Opinion
No. 94-95
Submitted March 29, 1994 —
Decided June 22, 1994.
APPEAL from the Court of Appeals for Franklin County, No. 93AP-1047.
On July 28, 1993, appellant, John Mancini, filed a pro se complaint for a writ of mandamus with the Court of Appeals for Franklin County. Appellant alleged that he had mailed a $20 check to appellee, Ohio Bureau of Motor Vehicles, in order to obtain copies of documents dealing with traffic convictions in the Garfield Heights Municipal Court for the dates of February 22, 1983 and July 26, 1985. Appellant claimed to have provided the relevant case numbers in a letter sent with the check. The letter also allegedly contained a request for a computer printout of appellant's driving record. Apparently, appellee never replied to the request for the information, and appellant instituted this action.
On August 31, 1993, appellant filed a motion to issue a writ of mandamus. The court of appeals filed a journal entry on September 13, 1993, requiring appellee to show cause in writing by September 17, 1993 as to why the court should not issue the writ for failure of the appellee to answer or appear. On September 24, 1993, appellant filed a motion to issue a writ of mandamus and to invoke sanctions. This motion was denied by the appellate court because appellant had not served appellee by certified mail as required by Civ.R. 5(A).
On October 6, 1993, appellant filed another motion to issue a writ of mandamus and to invoke sanctions. This motion was also denied by the court of appeals on October 8, 1993. The court also ordered that an evidentiary statement be filed no later than October 22, 1993 and that briefs be filed in accordance with Section 8 of Local Rule 11. Instead of complying, appellant filed a motion for reconsideration and for the clarification of the October 8, 1993 journal entry.
On October 29, 1993, appellee filed a limited appearance for the purpose of determining jurisdiction. Appellee claimed never to have received a summons and that no letter had been included with the check.
On November 6, 1993, the court of appeals denied appellant's motion to reconsider and ordered appellant to file an evidentiary statement and a brief in support no later than November 30, 1993, or the action would be dismissed. Appellee sent a letter to the appellant on November 18, 1993, explaining that it had not received a service of the summons and was not aware of the need to respond, and that the original request had not specified the record sought.
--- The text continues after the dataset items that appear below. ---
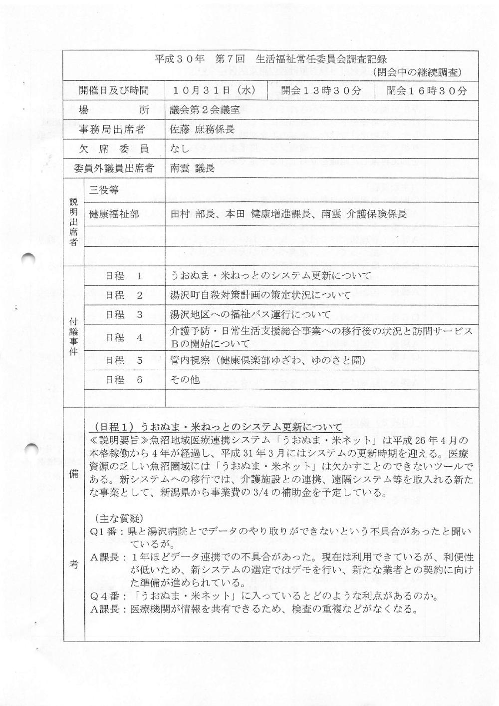 生活福祉常任委員会 H30年 第07回 2018/10/31
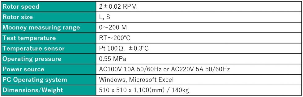Placing the importance on the operability and the repeatability of data, our mooney viscometer is developed. Mooney viscosity and scorch time for un-vulcanized rubber can be measured automatically with this tester.
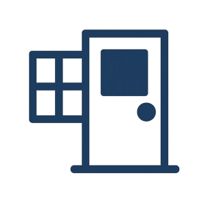 Door/window schedules with frames, glazing and hardware sets; fire ratings and counts validated.
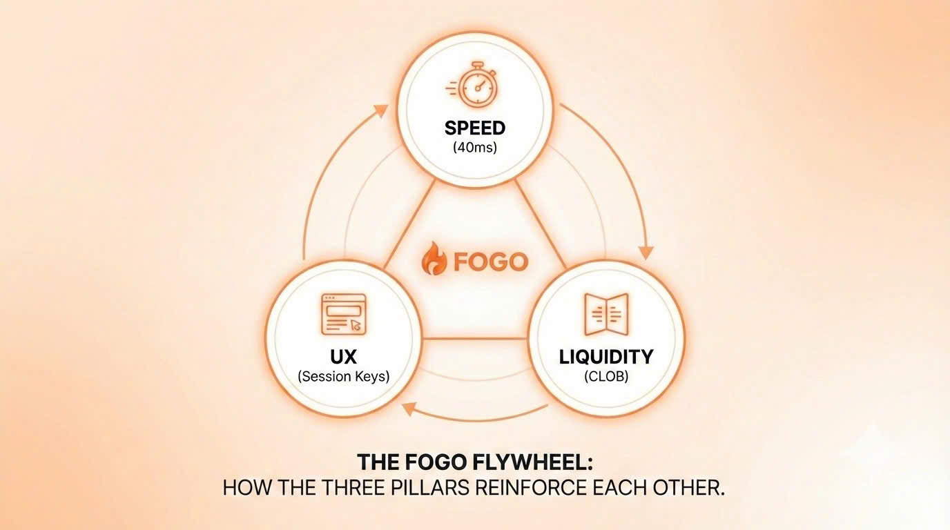 Speed pulls in the pros. Deep liquidity keeps them trading. Frictionless UX brings retail who would've bounced off traditional DeFi. Each piece reinforces the others. Most chains are still debating which problem to solve first. Fogo solved all three because they had to you can't fake institutional-grade trading with just one pillar.
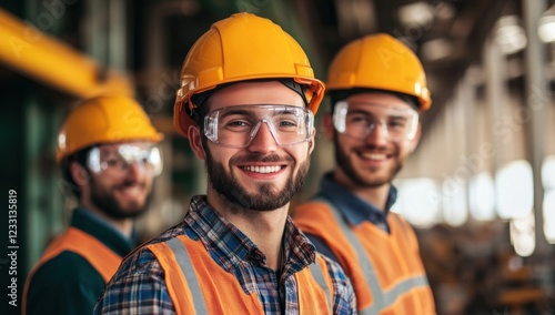Three smiling construction workers wearing hard hats and safety glasses, industrial setting, teamwork, safety, professionalism
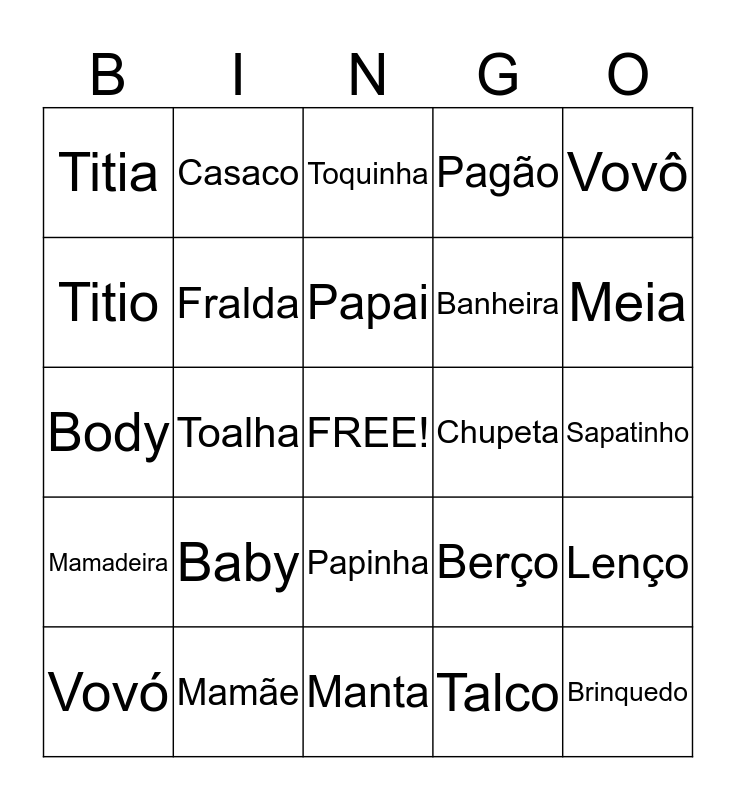 This bingo card has a free space and 24 words: Baby, Mamãe, Papai, Vovó, Vovô, Titia, Titio, Casaco, Chupeta, Papinha, Banheira, Body, Berço, Lenço, Fralda, Talco, Sapatinho, Toquinha, Meia, Toalha, Brinquedo, Mamadeira, Pagão and Manta.
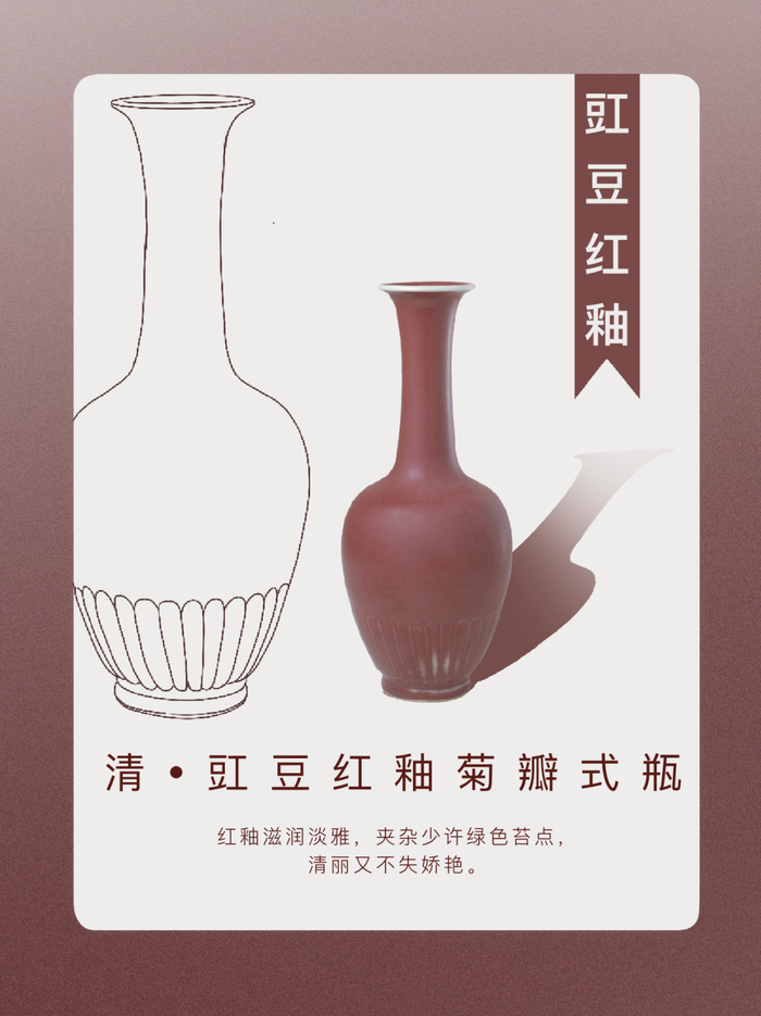 “绿如青水初生日,红似朝霞欲上时”。豇豆红釉创烧于康熙时期。造型秀雅,色彩淡雅宜人,有“美人醉”“娃娃脸”“桃花片”之称。几无大器,多为宫廷文房用具。
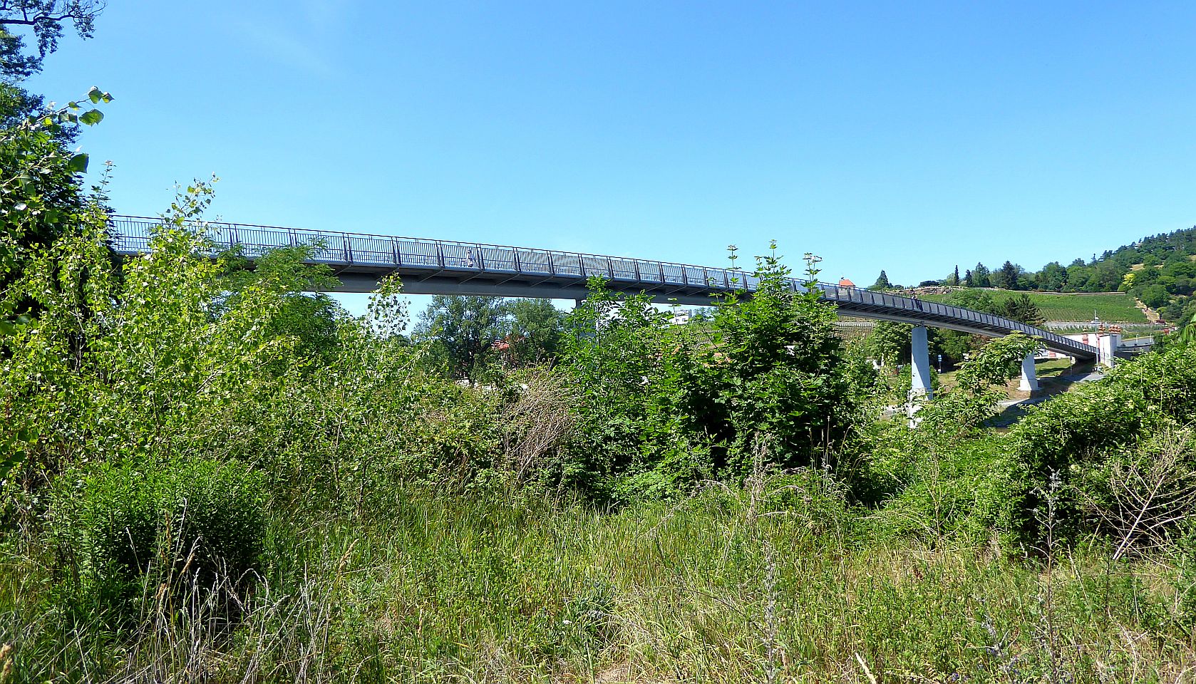 Seit dem 7.Juli 1984, besticht die neue Brücke durch eine eigenartige Konstruktion aus einzelnen Segmenten, die auf Stahlseilen aufgehängt sind. Sogar das katastrophale Hochwasser 2002 hat sie überstanden. Sie ist 256 m lang und 3,8 m breit und hat eine Steigung von ca. 10 grad. Wenn auch nur für den Fußgängerverkehr bestimmt, erlaubt sie im Notfall auch die Überquerung von Krankenwagen und Feuerwehrfahrzeugen.

Moreover, appellee agreed to send the record if appellant would provide a listing of the information desired.
On November 26, 1993, appellant filed an evidentiary statement but no brief in support. On December 14, 1993, the appellate court dismissed the case. Appellee sent appellant a copy of his driving record on December 16, 1993, but on December 29, 1993, appellant filed his notice of appeal regardless.
The cause is before the court upon an appeal as of right.
John Mancini, pro se. Lee Fisher, Attorney General, and Christopher B. McNeil, Assistant Attorney General, for respondent.
The court of appeals' decision to dismiss the case is affirmed. First, appellant is currently incarcerated at the Marion Correctional Institution and was so restrained of his liberty at the time of the filing of the complaint. As such, he wanted appellee to mail him the information he allegedly requested. In State ex rel. Fenley v. Ohio Historical Soc. (1992), 64 Ohio St.3d 509, 597 N.E.2d 120, we held that there is no requirement under R.C. 149.43(B) that a custodian of public records mail copies of them to the requester.
Second, appellant failed to comply with a court order and a local rule. On November 6, 1993, the court of appeals ordered the appellant to file an evidentiary statement and a brief in support no later than November 30, 1993. Although an evidentiary statement was filed, the court never received a brief in support as required by Section 8, Local Rule 11 of the Tenth Appellate District and the case was therefore dismissed. Appellant was given ample opportunity to submit pleadings that complied with the rule and was warned that noncompliance would result in dismissal.
Third, the case is moot. On November 18, 1993, appellee offered to provide the information to appellant if he would explain what he wanted. Appellant ignored this letter and continued his pursuit of a writ of mandamus. Realizing that appellant was not going to respond, on December 16, 1993, appellee mailed appellant a computer printout of his driving record. Since appellant has received the information sought, the issue is now moot.
The judgment of the court of appeals is affirmed.
Judgment affirmed.
MOYER, C.J., A.W. SWEENEY, DOUGLAS, WRIGHT, RESNICK, F.E. SWEENEY and PFEIFER, JJ., concur.